As all renos go, things change along the way, more than likely and cost more, the attractiveness for me is I can design it myself no cost, build as I go , as funds become available. but its all about getting it right to start with, I like to work backwards if you know what I mean so I can make the right call on the foundations. So far with the calcs I have supplied the money difference is the amount left for the walls, so if it costs a bit more then in the end I have a better result.

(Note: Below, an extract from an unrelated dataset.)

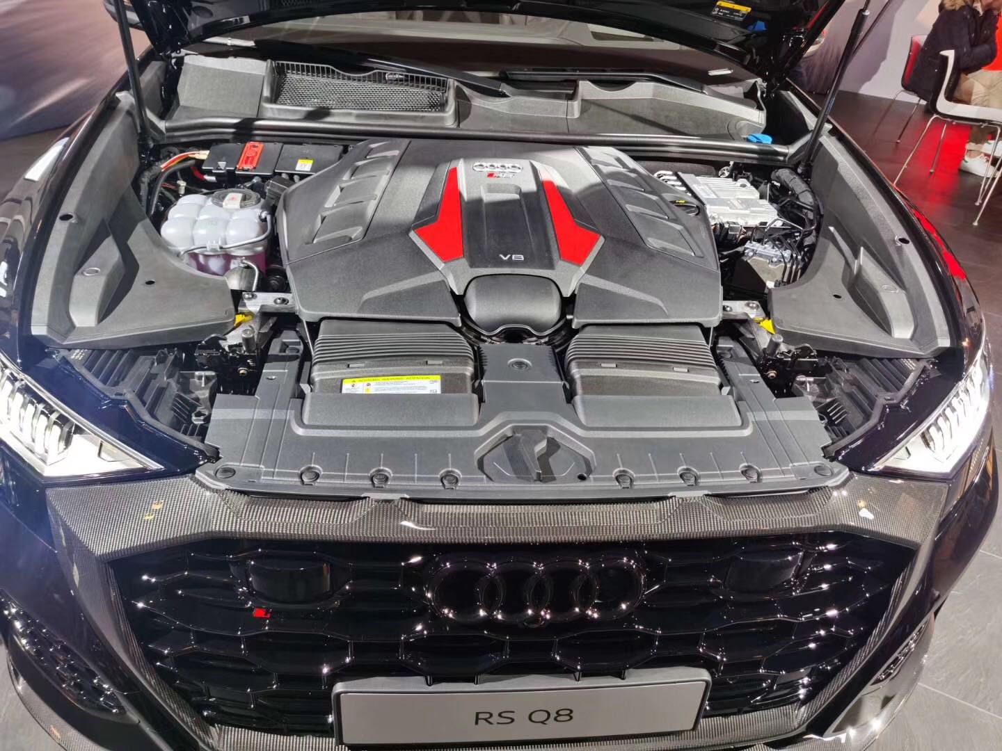 奥迪RS Q8搭载奥迪4.0L双涡轮增压引擎,最大功率600hp、最大扭矩800Nm,0-100 km/h加速3.8秒、0-200 km/h加速13.7秒,极速限定在250 km/h,选装动态包后可达305 km/h,车重2315 kg。

I am starting to warm to this idea, of course I need to notify council what my intentions are so I can have it approved.

----------


## autogenous

Put into the analysis what will look better and last longer. 
People head down the cheapest path only to realise the project has added little to the value of the house or worse, devalue the property. 
If your going to spend money don't you want it to represent value return on your investment? 
How long will it last?   
Whats the prospective maintenance to keep the new construction?  
That really tacky room add on is not considered a bedroom to some buyers etc.

----------


## barney118

Just a bit more clarification, I have dual access to my property at the rear and looking at a stand alone double garage, I have been designing today and gee you get carried away!. I am thinking along the path of a "6x6m house" that is a garage from a design point, 450 studs, 2400 height, trusses with a roller door at the front. Just reading Alan stains on single leaf brick walls, maybe i dont need stud walls, 230 engaged build brick wall with a timber "lintel" on top and put the trusses on the lintel. 
Unfortuantely Alan doesnt design a garage as such but a house in the HBM.
He states that in N1 wind you need 350 piers for walls above 1800mm but also says "D" thickness is 0.06 x wall height = 142mm + 115 brick = 277mm overall.
I have an existing carport brickwall with 230mm engaged piers with 1400-1600mm spacing, 2400mm high, and my house sits on the same with spacing of 900mm between.
If I want to build garage walls to 2700mm high and put a timber lintel ontop of the engaged piers what would the dimensions be for the engaged piers and size of timber I can use?

----------


## R3N0-S

Hi mate I would build the shed like how you have read it in Alan Stains book 3 walls and a roller door and have the trusses sitting on top of the brick work like most garages as you do need to count the cost with timber frames and all that to go with it  
It also depend what you want to use the Garage for 
I built my shed and got carried away as I insulated all the wall rendered external cladding and also plaster ceilings and walls 
so Just make sure you stick to plans while building or you can get carried away with all the changes which cost more the what you want to pay

----------


## barney118

I just got back the quote to build a 6 x6m garage with a 1.5 m awning and trusses including accessories, which included 2 x 290 LVLs for the front awning for $4k, If I can take out the wall frames or make them myself they came to $1.2k (I estimate $600 to make myself). 
Now I need to confirm the footing sizes to carry brickwork, I am thinking to be safe 500 deep trench 350mm wide, class M site. Here are the plans I have made, they are not entirely complete as I needed the truss place to design the overhang section and front of the awning.

----------